Pressure of school and grades

By: Willa Sabelko

Ever feel overwhelmed with assignments piling up or constantly worried about assessments? Are grades slipping through the cracks or falling so behind there’s no motivation left?

The stress of doing well in school has taken the actual learning out of the process. Not only do students cram knowledge in for tests to do well and not truly learn, forgetting it later, but the stress of school interferes with the learning process itself. According to the ASCD, which supports the advancement of education, learning, and teaching practices, stress “interferes with our brain’s ability to process new information, recall prior knowledge, and perform higher cognitive tasks.” Subsequently, the process of learning implemented by schools interferes with proper learning and understanding. Additionally, once a test is done and a grade is given, there is no further mastery of that topic and material as the class moves on to new content. A student from AHS explained that she wishes "school would focus more on stuff we are interested in, rather than forcing us to memorize random things and then moving on without any explanation of what we got wrong, regardless of the grade we got."

Furthermore, grades can have detrimental effects on a student’s motivation and mental health now and in the future. Newport Institute states, “87 percent of students surveyed…said they had felt overwhelmed at some point during the school year by everything they had to do, and 85 percent reported feeling mentally exhausted.” Furthermore, they reported that over 50% of students feel anxiety about tests even if they know they are prepared for them, 35% of college students report experiencing symptoms of anxiety, and 35% report suffering from depression. Additionally, the Pew Research Center reports that “70 percent of 13- to 17-year-olds surveyed believe anxiety and depression to be a major problem among their peers.”


Though these issues may seem like they will blow over by the time, students reach adulthood and land themselves careers, the habits that some develop as unhealthy coping mechanisms can stick with them for their entire lives. Some of these include “taking sleeping pills, smoking cigarettes, and drinking alcohol” and a general increased “substance use.” Academic anxiety can also lead to a “poorer quality of life,” “Impaired overall health and well-being,” “poor sleep quality,” “depersonalization,” persistent depression and anxiety, and academic/workplace burnout. 

In order to combat the adverse effects of school-based stressors, schools must integrate intrinsic motivation into the education system. If students are only working hard for the extrinsic rewards that come from good grades, if they fall behind, it can be detrimental. Harvard’s Graduate School of Education explains that extrinsic motivation “can lead to really unhealthy practices like perfectionism or great anxiety, paralysis. And it could also really turn kids off. ‘Well, I got a C so I’m bad at math. I’m not a math person so clearly, I shouldn’t try anymore.’”

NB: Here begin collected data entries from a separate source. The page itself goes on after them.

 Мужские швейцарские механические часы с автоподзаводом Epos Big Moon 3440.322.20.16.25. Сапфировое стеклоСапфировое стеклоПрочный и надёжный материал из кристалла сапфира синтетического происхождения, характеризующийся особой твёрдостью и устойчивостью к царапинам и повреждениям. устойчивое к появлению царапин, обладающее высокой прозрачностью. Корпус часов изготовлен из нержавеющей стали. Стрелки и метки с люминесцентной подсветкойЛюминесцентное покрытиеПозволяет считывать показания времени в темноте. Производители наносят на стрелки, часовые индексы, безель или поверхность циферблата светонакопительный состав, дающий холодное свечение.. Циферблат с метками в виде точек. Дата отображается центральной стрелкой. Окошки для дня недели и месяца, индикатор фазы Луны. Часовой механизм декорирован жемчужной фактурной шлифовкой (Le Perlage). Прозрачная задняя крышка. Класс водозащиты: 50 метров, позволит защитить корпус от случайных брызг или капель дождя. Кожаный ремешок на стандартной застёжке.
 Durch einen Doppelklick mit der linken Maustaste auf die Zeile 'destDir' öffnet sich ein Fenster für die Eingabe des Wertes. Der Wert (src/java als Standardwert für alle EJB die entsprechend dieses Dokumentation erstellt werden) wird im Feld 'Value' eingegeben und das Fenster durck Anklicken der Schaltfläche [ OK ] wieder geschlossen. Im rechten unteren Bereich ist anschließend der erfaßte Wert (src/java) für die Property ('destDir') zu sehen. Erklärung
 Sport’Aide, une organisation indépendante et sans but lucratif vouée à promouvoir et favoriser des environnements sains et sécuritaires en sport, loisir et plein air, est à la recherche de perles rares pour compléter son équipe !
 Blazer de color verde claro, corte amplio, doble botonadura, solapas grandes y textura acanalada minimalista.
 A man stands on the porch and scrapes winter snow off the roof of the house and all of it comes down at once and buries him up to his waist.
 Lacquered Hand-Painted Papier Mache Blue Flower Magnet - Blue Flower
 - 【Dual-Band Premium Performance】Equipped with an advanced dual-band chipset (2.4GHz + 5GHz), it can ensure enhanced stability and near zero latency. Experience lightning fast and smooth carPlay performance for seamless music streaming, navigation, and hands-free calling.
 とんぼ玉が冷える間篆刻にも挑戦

Critics may say that without extrinsic motivators, students will not try in school; however, there are alternatives to grades that promote intrinsic motivation and ensure that students still give their best effort and learn the material. Some ideas are “dropping the lowest grade in a class or not grading assignments done early in a semester” or the student and teacher “meeting once a month and talk about what’s working, what’s not working” or using “only two grades — ‘mastered’ and ‘in progress,” to name a few from Harvard’s Graduate School of Education.

Overall, the impacts of stress and anxiety due to school, especially since the pandemic, have been heightened in recent years, and ignoring them would be a mistake and a disservice to future generations.